**What you have to do**
From the line that contains "Collaging is a" to the final line of the records below, print each line exactly and leave every picture out.

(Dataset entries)
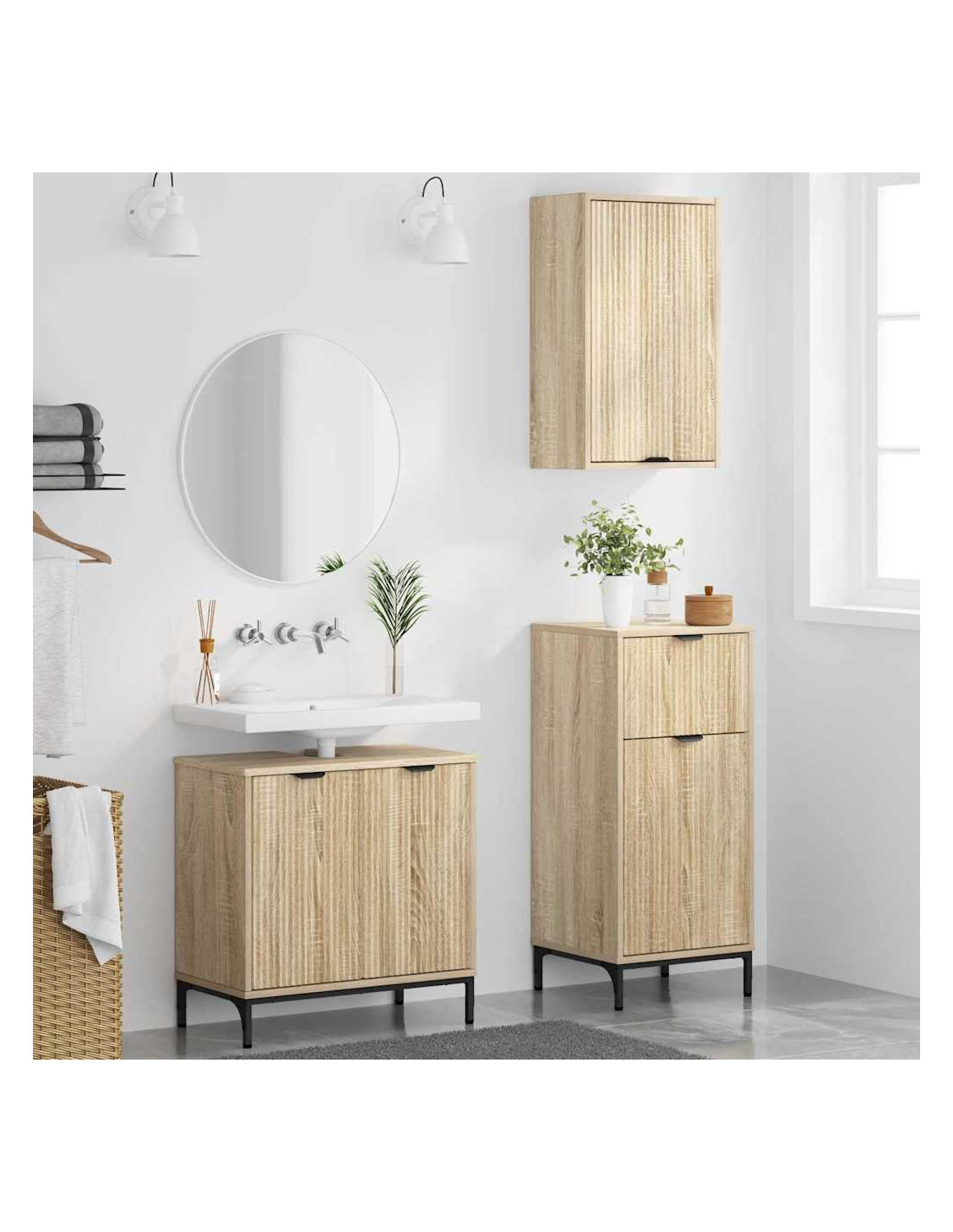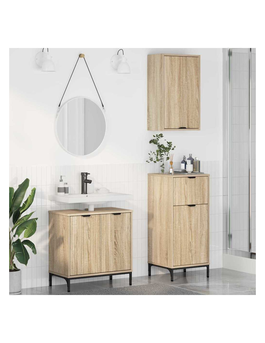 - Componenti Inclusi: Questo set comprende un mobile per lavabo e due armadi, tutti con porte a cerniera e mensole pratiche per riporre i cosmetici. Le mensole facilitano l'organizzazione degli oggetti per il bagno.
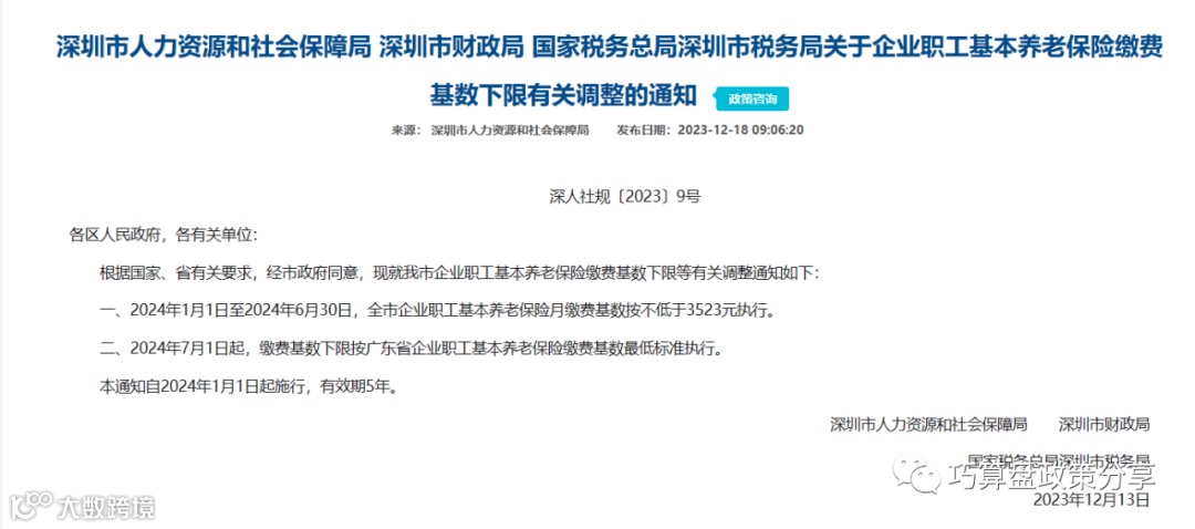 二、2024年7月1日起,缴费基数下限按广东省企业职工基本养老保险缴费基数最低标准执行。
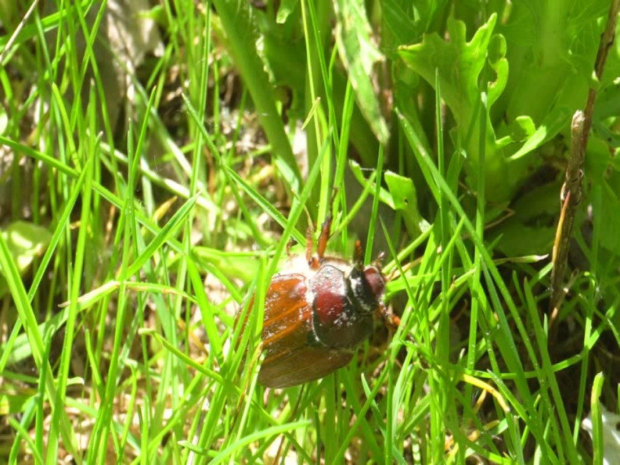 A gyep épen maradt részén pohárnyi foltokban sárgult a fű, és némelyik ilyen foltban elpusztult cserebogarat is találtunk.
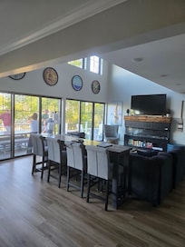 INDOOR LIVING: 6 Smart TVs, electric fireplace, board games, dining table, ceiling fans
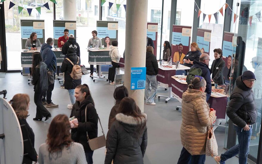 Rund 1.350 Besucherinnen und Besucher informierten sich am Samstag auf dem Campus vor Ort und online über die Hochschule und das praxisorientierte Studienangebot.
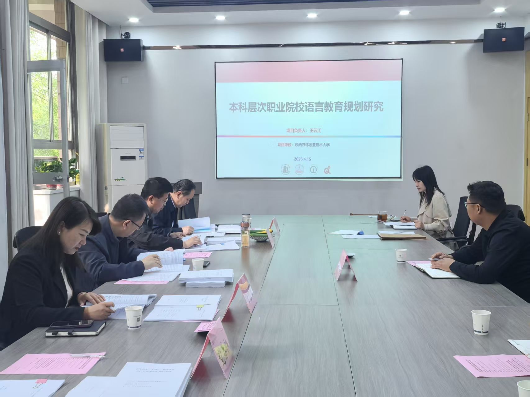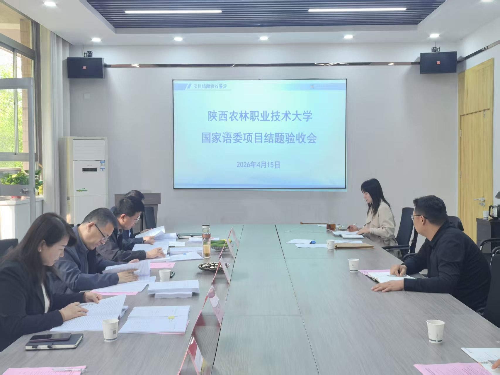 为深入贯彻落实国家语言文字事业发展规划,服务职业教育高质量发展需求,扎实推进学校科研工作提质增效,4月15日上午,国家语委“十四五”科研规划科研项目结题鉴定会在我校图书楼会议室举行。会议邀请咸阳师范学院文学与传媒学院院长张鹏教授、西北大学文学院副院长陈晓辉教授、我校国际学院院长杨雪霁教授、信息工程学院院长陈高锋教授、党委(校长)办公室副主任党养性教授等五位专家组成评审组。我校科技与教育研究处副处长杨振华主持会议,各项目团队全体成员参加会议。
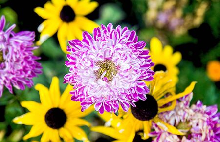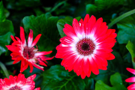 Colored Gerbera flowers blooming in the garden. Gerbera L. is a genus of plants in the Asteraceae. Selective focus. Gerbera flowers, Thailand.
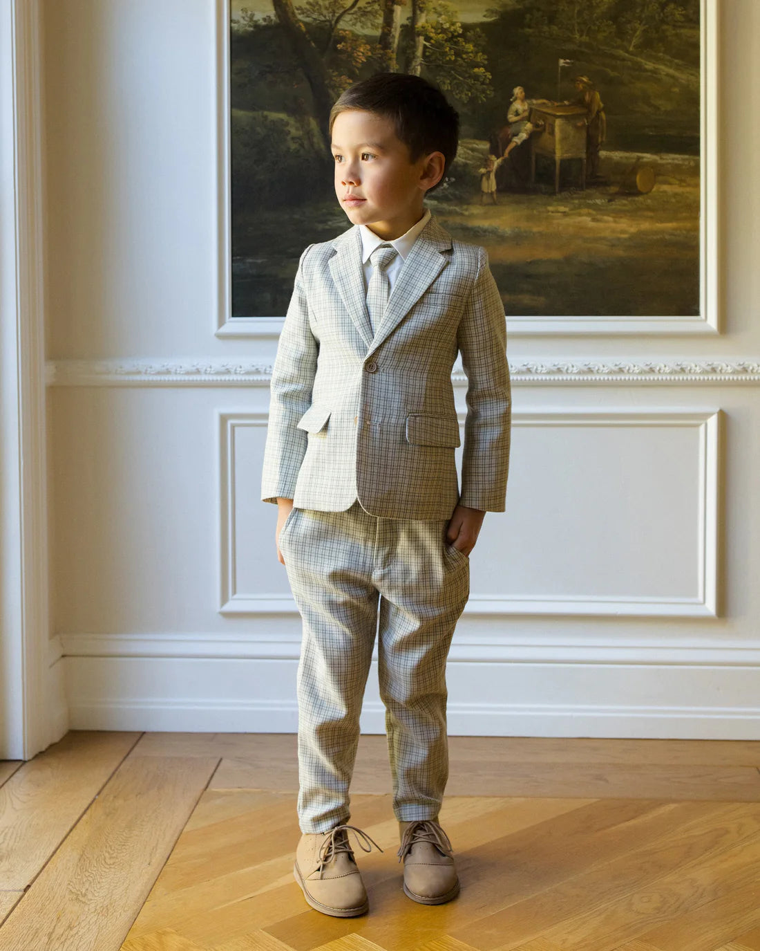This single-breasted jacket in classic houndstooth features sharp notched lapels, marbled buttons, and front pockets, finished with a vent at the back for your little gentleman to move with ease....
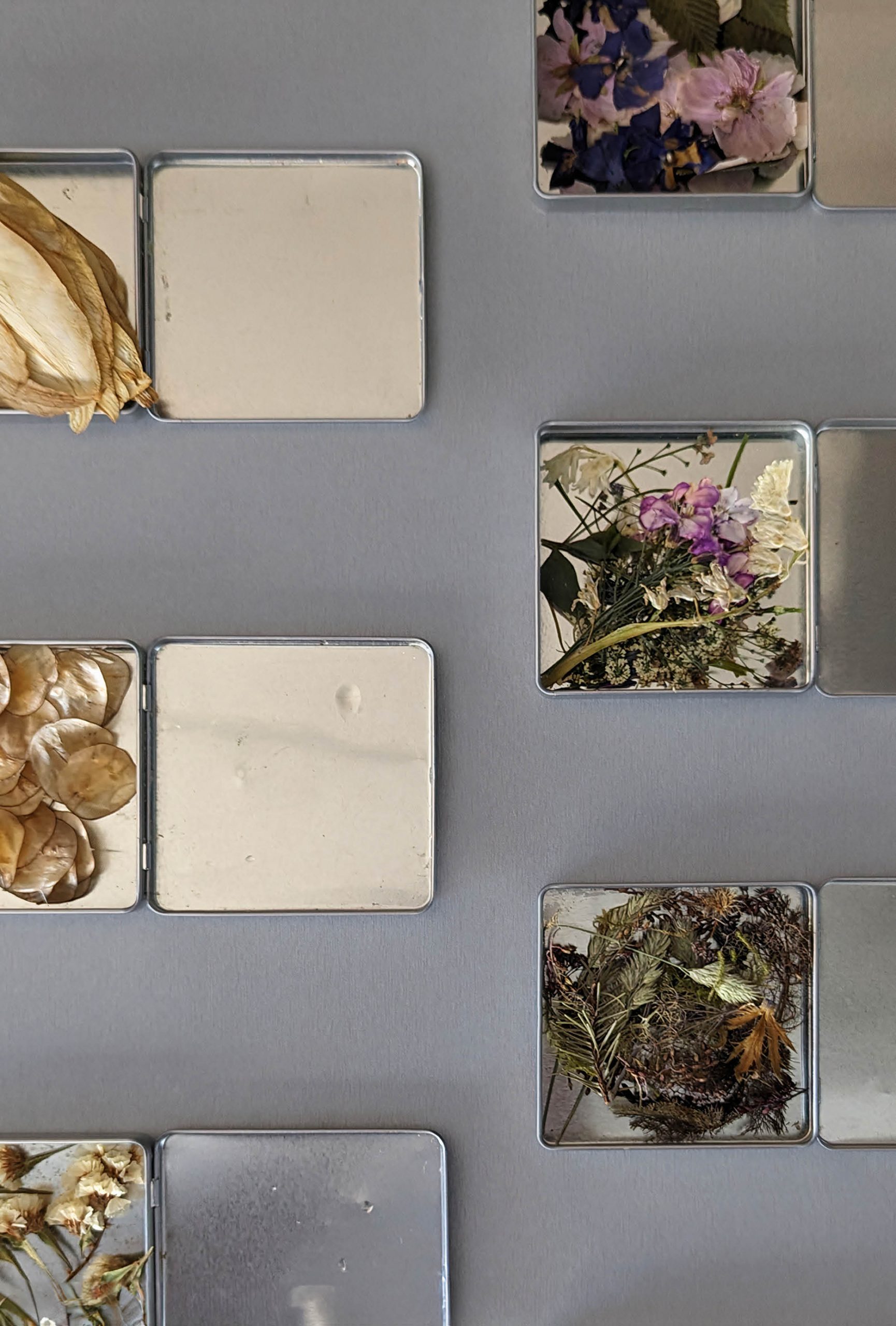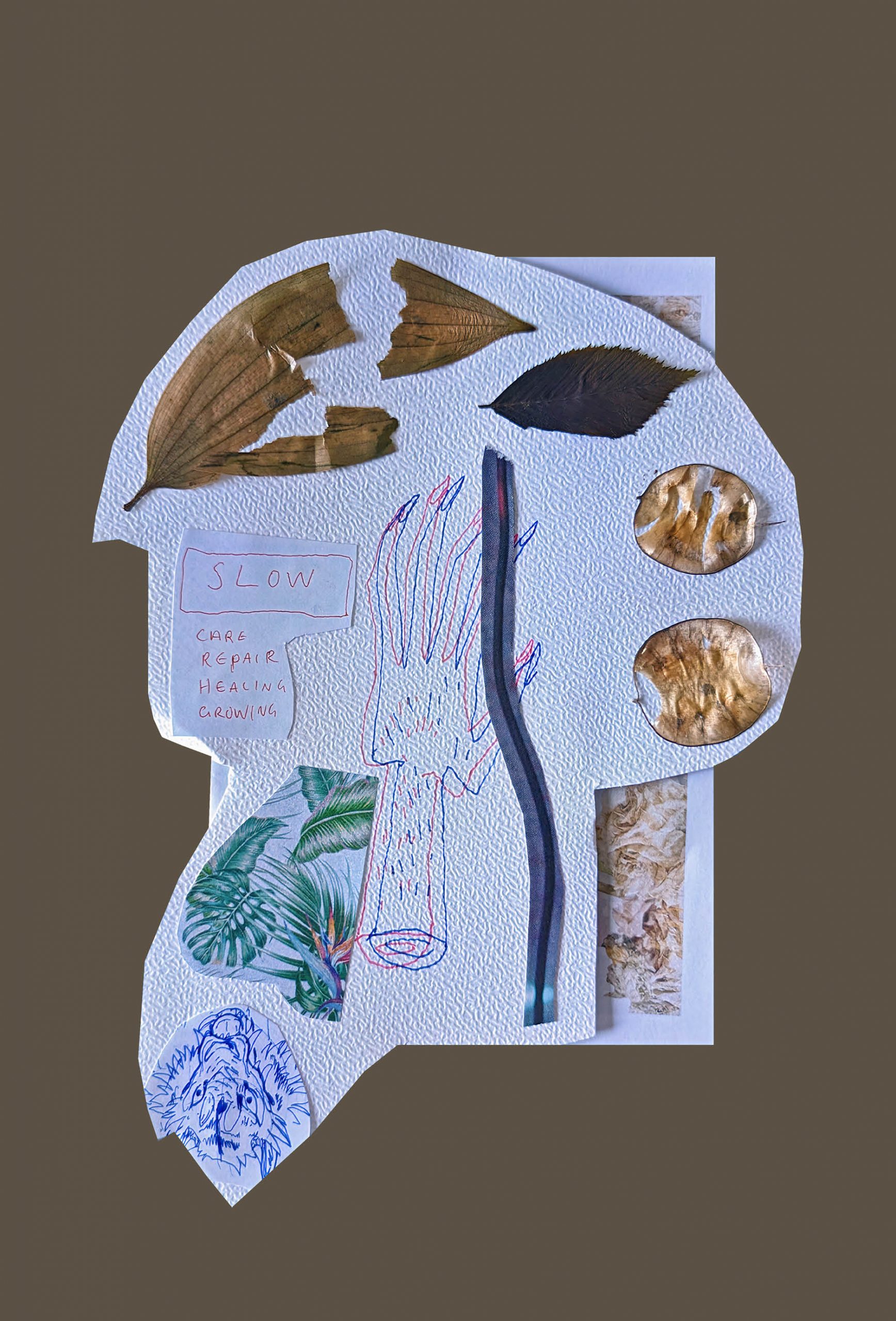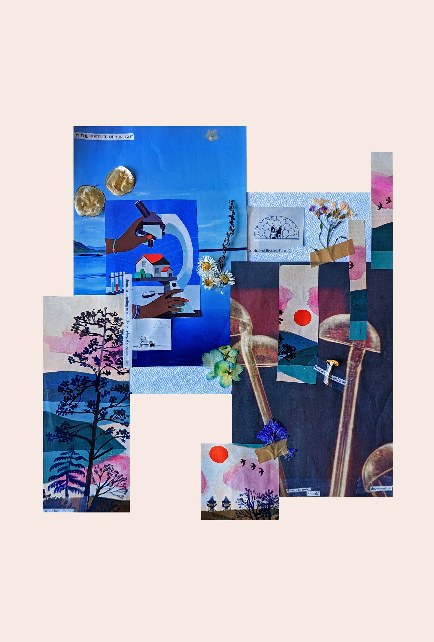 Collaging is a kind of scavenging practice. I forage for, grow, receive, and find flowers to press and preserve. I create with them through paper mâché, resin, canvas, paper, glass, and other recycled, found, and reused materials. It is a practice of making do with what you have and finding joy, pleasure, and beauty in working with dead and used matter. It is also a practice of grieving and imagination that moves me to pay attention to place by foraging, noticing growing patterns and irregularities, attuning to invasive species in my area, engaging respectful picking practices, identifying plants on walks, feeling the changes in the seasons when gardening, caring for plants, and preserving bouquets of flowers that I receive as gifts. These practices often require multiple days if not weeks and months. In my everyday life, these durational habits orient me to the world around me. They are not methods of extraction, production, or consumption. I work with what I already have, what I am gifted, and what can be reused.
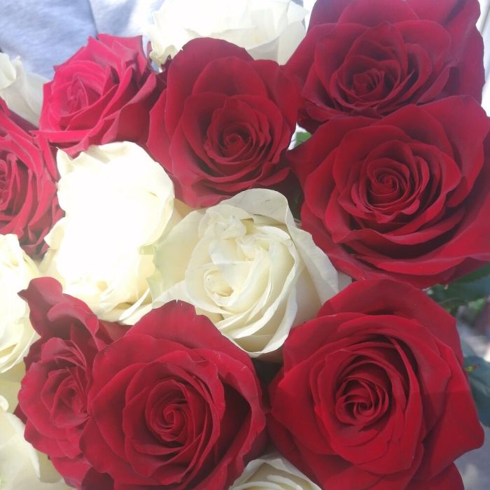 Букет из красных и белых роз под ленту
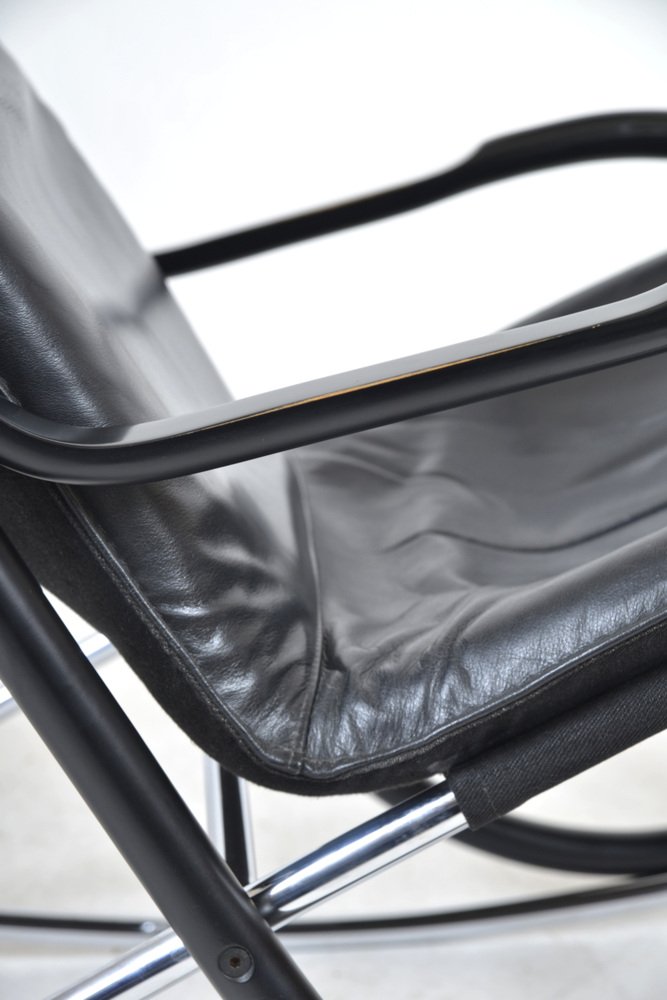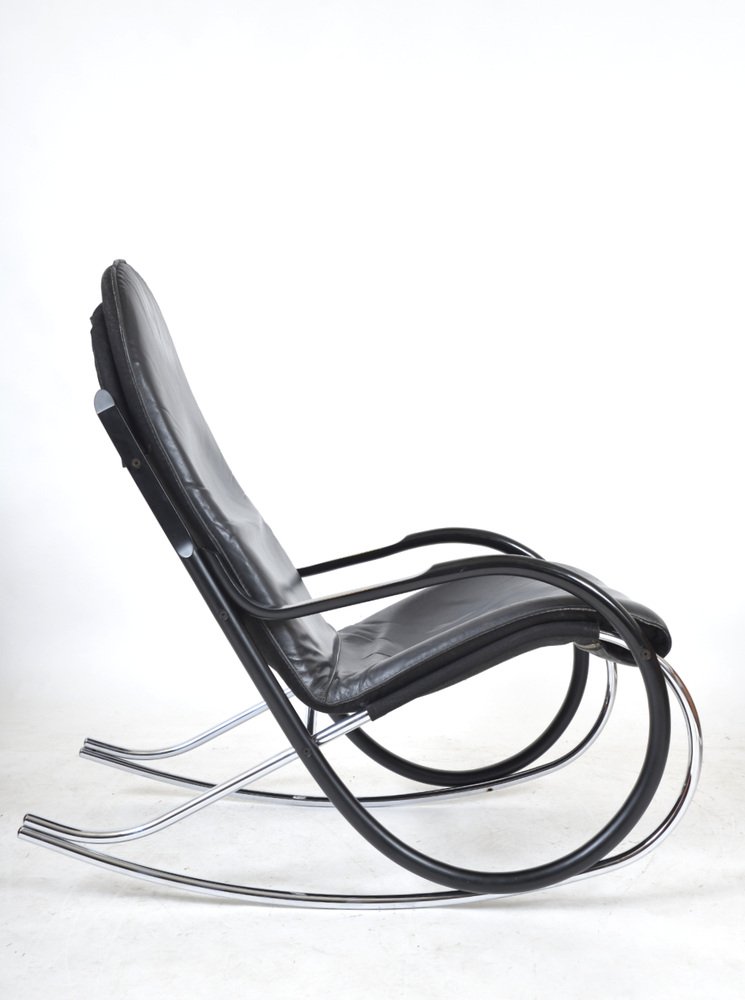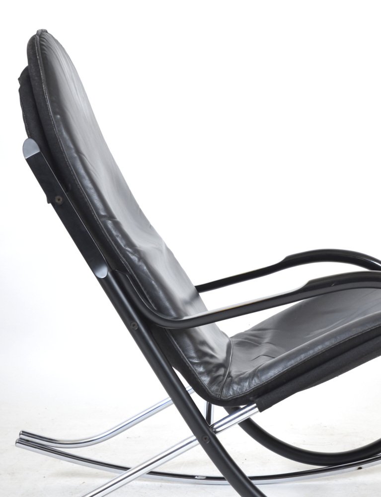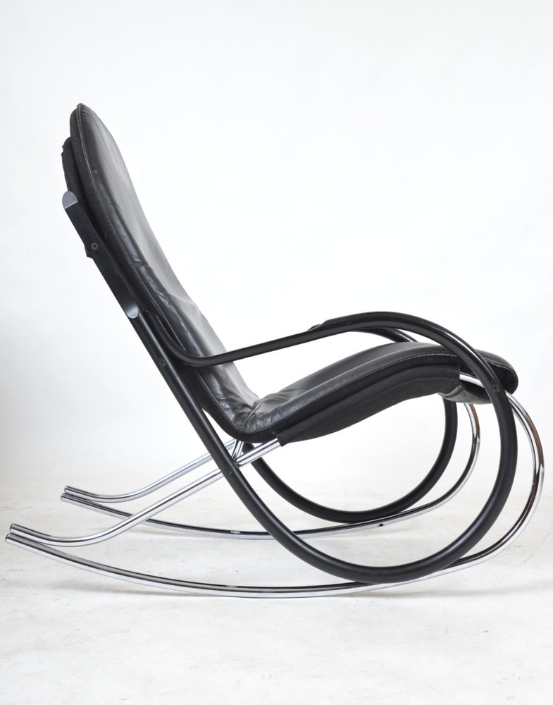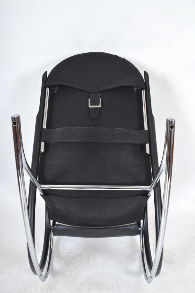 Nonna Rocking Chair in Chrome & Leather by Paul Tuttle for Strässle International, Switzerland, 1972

**Written answer**
 Collaging is a kind of scavenging practice. I forage for, grow, receive, and find flowers to press and preserve. I create with them through paper mâché, resin, canvas, paper, glass, and other recycled, found, and reused materials. It is a practice of making do with what you have and finding joy, pleasure, and beauty in working with dead and used matter. It is also a practice of grieving and imagination that moves me to pay attention to place by foraging, noticing growing patterns and irregularities, attuning to invasive species in my area, engaging respectful picking practices, identifying plants on walks, feeling the changes in the seasons when gardening, caring for plants, and preserving bouquets of flowers that I receive as gifts. These practices often require multiple days if not weeks and months. In my everyday life, these durational habits orient me to the world around me. They are not methods of extraction, production, or consumption. I work with what I already have, what I am gifted, and what can be reused.
 Букет из красных и белых роз под ленту
 Nonna Rocking Chair in Chrome & Leather by Paul Tuttle for Strässle International, Switzerland, 1972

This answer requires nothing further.